Hum Genet. Author manuscript; available in PMC 2013 December 1.
Published in final edited form as:
PMCID: PMC3493700

Human subtelomeric copy number gains suggest a DNA replication mechanism for formation: beyond breakage – fusion - bridge for telomere stabilization


Constitutional deletions of distal 9q34 encompassing the EHMT1 (euchromatic histone methyltransferase 1) gene, or loss-of-function point mutations in EHMT1, are associated with the 9q34.3 microdeletion, also known as Kleefstra syndrome [MIM#610253]. We now report further evidence for genomic instability of the subtelomeric 9q34.3 region as evidenced by copy number gains of this genomic interval that include duplications, triplications, derivative chromosomes and complex rearrangements. Comparisons between the observed shared clinical features and molecular analyses in 20 subjects suggest that increased dosage of EHMT1 may be responsible for the neurodevelopmental impairment, speech delay, and autism spectrum disorders revealing the dosage sensitivity of yet another chromatin remodeling protein in human disease. Five patients had 9q34 genomic abnormalities resulting in complex deletion-duplication or duplication-triplication rearrangements; such complex triplications were also observed in six other subtelomeric intervals. Based on the specific structure of these complex genomic rearrangements (CGR) a DNA replication mechanism is proposed confirming recent findings in C elegans telomere healing. The end-replication challenges of subtelomeric genomic intervals may make them particularly prone to rearrangements generated by errors in DNA replication.

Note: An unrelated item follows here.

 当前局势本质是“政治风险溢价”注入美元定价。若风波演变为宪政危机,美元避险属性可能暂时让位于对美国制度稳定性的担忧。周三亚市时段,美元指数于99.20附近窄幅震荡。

Keywords: chromosome 9q34.3, duplication, triplication, molecular mechanism, subtelomeric rearrangements, genomic disorder, telomere stabilization


The subtelomeric regions of human chromosomes are frequently involved in rearrangements including deletions, duplications, triplications, translocations, and complex chromosome rearrangements (Ledbetter and Martin 2007; Shao et al. 2008; Yatsenko et al. 2009a). Screening large patient cohorts with clinically relevant phenotypes, such as intellectual disability (ID) and multiple congenital anomalies (MCA), by array comparative genomic hybridization (aCGH) has lead to the discovery and characterization of many novel microdeletion and microduplication syndromes and other genomic disorders (Lupski 1998; 2009). Most of these aberrations arise sporadically and vary in size and breakpoint(s) locations.

Previous genetic studies in patients with terminal subtelomeric deletions suggested that the majority of aberrations are the result of double strand DNA (dsDNA) breakage, followed by telomere loss, and repair processes (Varga et al. 2005). Diverse molecular mechanisms that generate and stabilize broken chromosomes were proposed. Terminal deletions can be stabilized by telomere healing, the addition of a telomere (TTAGGG)n repeat sequences by the enzyme telomerase (Bonaglia et al. 2006; Bonaglia et al. 2011; Flint et al. 1994; Lamb et al. 1993; Varley et al. 2000; Verdun and Karlseder 2007; Wilkie et al. 1990), by a telomerase-independent mechanism mediated by nonallelic homologous recombination (NAHR) in which telomere repeats are acquired from homologous chromosome or a sister chromatid (Stankiewicz and Lupski, 2002), or by a nonhomologous end-joining (NHEJ) recombination mechanism with another chromosome resulting in the formation of a derivative chromosome (Flint et al. 1996; Ballif et al. 2004, D’Angelo et al. 2009). In addition, numerous studies indicate that some subtelomeric rearrangements may be mediated by interspersed repetitive elements such as Alu, LINE, long-terminal repeats and simple tandem repeats. Such repetitive elements may play an important role by formation of a specific DNA secondary structure that stabilizes broken chromosomes or assist in DNA repair (Ballif et al. 2004; Yatsenko et al. 2009a). Alternatively, repetitive sequences may facilitate a replication fork template stalling and switching (Boone et al. 2011; Moser et al. 2009). These processes can differ significantly from chromosome to chromosome, likely reflecting specific complex DNA organization at each subtelomere (Dsosopoulos et al. 2012). Repetitive sequences and transposable elements have recently been found to play a prominent role in the structural variation of human personal genomes (Lupski 2010; Beck et al. 2010; Huang et al. 2010; Iskow et al. 2010; Ewing and Kazazian 2010).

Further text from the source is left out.